PROBLEM:
The output should contain the listing word for word and no pictures.

AVAILABLE DATA:
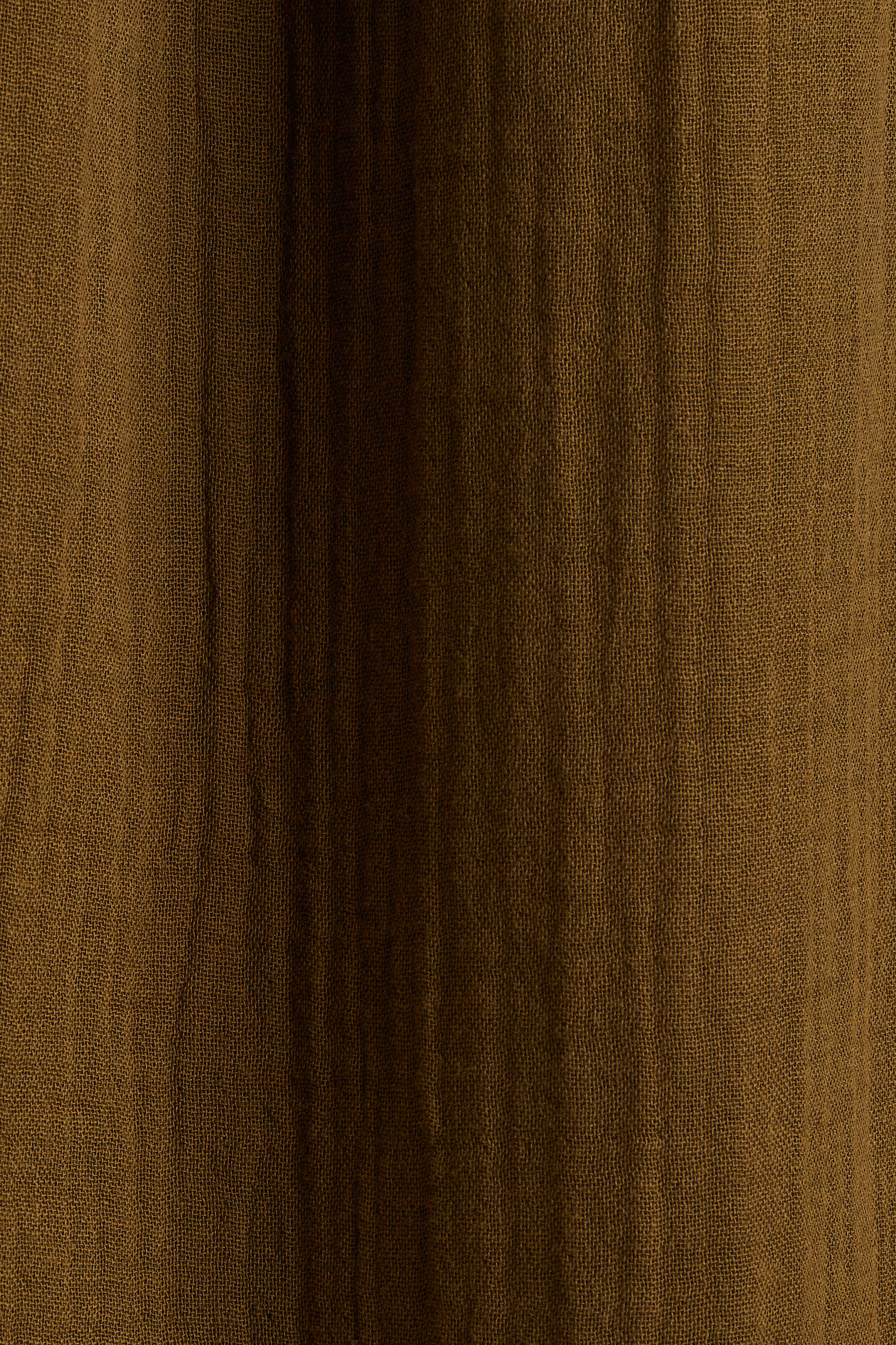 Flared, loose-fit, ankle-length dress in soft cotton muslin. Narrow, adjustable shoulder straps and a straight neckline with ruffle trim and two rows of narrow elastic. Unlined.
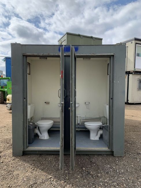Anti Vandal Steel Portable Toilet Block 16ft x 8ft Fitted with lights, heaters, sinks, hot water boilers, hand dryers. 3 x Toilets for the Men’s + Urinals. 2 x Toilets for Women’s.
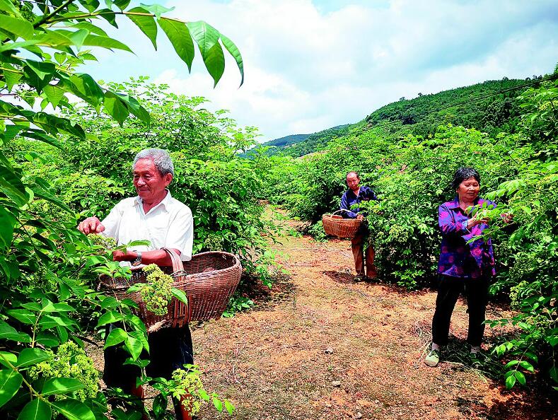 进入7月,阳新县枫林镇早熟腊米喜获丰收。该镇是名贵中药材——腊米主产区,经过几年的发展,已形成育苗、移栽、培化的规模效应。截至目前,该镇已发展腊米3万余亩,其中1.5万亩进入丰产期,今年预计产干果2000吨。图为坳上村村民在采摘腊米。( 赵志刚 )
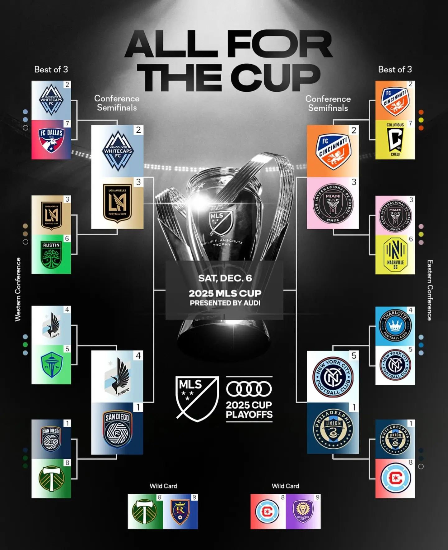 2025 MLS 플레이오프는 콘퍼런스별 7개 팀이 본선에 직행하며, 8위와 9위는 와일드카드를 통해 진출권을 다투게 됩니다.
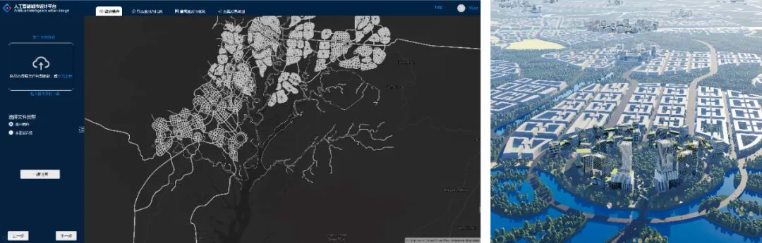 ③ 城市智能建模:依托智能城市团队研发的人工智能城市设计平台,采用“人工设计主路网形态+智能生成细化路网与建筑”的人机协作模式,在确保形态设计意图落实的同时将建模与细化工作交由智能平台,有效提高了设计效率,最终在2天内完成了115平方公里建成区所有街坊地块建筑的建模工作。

COMPLETED EXERCISE:
 Flared, loose-fit, ankle-length dress in soft cotton muslin. Narrow, adjustable shoulder straps and a straight neckline with ruffle trim and two rows of narrow elastic. Unlined.
Anti Vandal Steel Portable Toilet Block 16ft x 8ft Fitted with lights, heaters, sinks, hot water boilers, hand dryers. 3 x Toilets for the Men’s + Urinals. 2 x Toilets for Women’s.
 进入7月,阳新县枫林镇早熟腊米喜获丰收。该镇是名贵中药材——腊米主产区,经过几年的发展,已形成育苗、移栽、培化的规模效应。截至目前,该镇已发展腊米3万余亩,其中1.5万亩进入丰产期,今年预计产干果2000吨。图为坳上村村民在采摘腊米。( 赵志刚 )
 2025 MLS 플레이오프는 콘퍼런스별 7개 팀이 본선에 직행하며, 8위와 9위는 와일드카드를 통해 진출권을 다투게 됩니다.
 ③ 城市智能建模:依托智能城市团队研发的人工智能城市设计平台,采用“人工设计主路网形态+智能生成细化路网与建筑”的人机协作模式,在确保形态设计意图落实的同时将建模与细化工作交由智能平台,有效提高了设计效率,最终在2天内完成了115平方公里建成区所有街坊地块建筑的建模工作。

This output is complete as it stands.